Monday, Apr. 22, 1957

Boomlay Boom

Super-Showman Mike (Around the World in 80 Days) Todd turned up last week as a guest lecturer at the Harvard Business School. Todd's message: "Showmanship has left show business. Everywhere there are businessmen who are better showmen than we who say we're in show business." Though ex-Pitchman Todd is no man to tell a tip (crowd) what it does not wish to hear, there was no doubt that he had a point. As U.S. business gets bigger and more competitive, there is no business like showy business. To make even a small noise takes a big drum.

It also takes expensive beaters. To launch its golden-anniversary line of 1957 trucks, International Harvester spent $100,000 on a closed-circuit TV program beamed at pep-talk luncheons for 10,000 dealers in 48 cities of 32 states. Hired for $7,500, Commentator Edward R. Murrow emceed the show, used his Person to Person format to interview top Harvester officers about products and plans. To promote its Yellow Pages, American Telephone & Telegraph Co. a fortnight ago hired Cinemactor Walter Pidgeon to emcee a 59-city closed-circuit TV show for potential classified advertisers and member phone companies.

As a warmup for the press in 15 key cities for its April 23 NBC-TV musical starring Nanette Fabray, Kaiser Aluminum & Chemical Corp. will put on a closed-circuit teaser the night before the big show.

Kicking off its annual spring promotion next week, Nieman-Marcus of Texas will spend more than $250,000 on lavish circus-theme extravaganzas for its stores in Dallas and Houston, will cover floors with sawdust, fill windows with monkeys, send clowns cavorting among customers. To publicize Eagle Food Centers, a grocery chain with 29 supermarkets in Iowa and neighboring states, Joe Louis was hired last week to demonstrate basic boxing blows in rings set up in the chain's parking lots, give inspirational talks to young customers, stressing right living and good (i.e., Eagle) eating. Ex-champ Louis will get about $1,000 per show, while Eagle gets one of the biggest drawing cards in U.S. history.

Other recent business drumbeats have seemed to emanate from out where the tall corn grows. Examples:

P: Culligan, Inc. of Northbrook, Ill. introduced a new water-softener appliance by setting up giant faucets with running water outside assembly halls at eight regional sales conventions. Inside each darkened hall, a single spotlight fell on a stage curtain which parted dramatically with an explosion and cloud of smoke to reveal the new gadget. The shows cost $35,000. But they were worth it. They netted $1,000,000 in orders.

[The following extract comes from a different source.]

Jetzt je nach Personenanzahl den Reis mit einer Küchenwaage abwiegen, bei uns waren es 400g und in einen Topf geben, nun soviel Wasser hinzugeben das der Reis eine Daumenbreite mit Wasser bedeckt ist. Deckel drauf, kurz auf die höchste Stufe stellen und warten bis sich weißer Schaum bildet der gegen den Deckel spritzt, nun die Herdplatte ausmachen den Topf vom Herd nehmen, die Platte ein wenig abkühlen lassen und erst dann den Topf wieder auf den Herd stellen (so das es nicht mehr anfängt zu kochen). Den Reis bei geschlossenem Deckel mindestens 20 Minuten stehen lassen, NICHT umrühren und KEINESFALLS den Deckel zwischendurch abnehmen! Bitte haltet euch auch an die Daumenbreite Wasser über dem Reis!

P: Worthington Corp. announced its arrival in the Dallas market by sending 300 carrier pigeons to 300 leading builders and contractors. All came home to roost, nearly half bearing invitations for Worthington salesmen to call.

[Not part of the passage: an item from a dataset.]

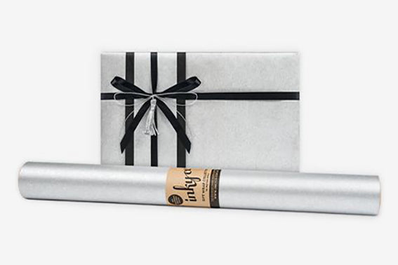 Silver Kraft is perfect for trend conscious wrappers who care for our environment. Printed with silver ink on unbleached brown kraft wrapping paper.

P: Chicago's Fifth Annual Merchandise Mart Floor-Covering Show hired a daring rigger to dress as a sultan, hover over the city on a linoleum "flying carpet" suspended from a helicopter. When fog and rain cut visibility, the sultan had to be dangled instead on a boom from the Mart's 353 ft. roof.

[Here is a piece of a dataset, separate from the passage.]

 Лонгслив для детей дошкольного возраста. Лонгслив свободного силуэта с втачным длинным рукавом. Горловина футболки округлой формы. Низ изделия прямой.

Nobody out-thinks ebullient President William Stuart of Chicago's Martin-Senour Paint Co. with ideas to jazz up annual sales meetings. One year Showman Stuart hired two muscular prizefighters to demonstrate the company's "sales knockout punch." Last year he dressed up as a maharaja, put on a safari act to show "salesmen out after bigger game." This year Stuart donned a white space suit, black cape, globelike helmet, gave his 75 Martin-Senour salesmen Ding-Ding-a-Ling beanies with propellers. As the beanied salesmen sat enraptured, Stuart leaped out of a model rocket ship in a puff of smoke, cried: "Why go into outer space? We still have lots of selling to do here on earth!"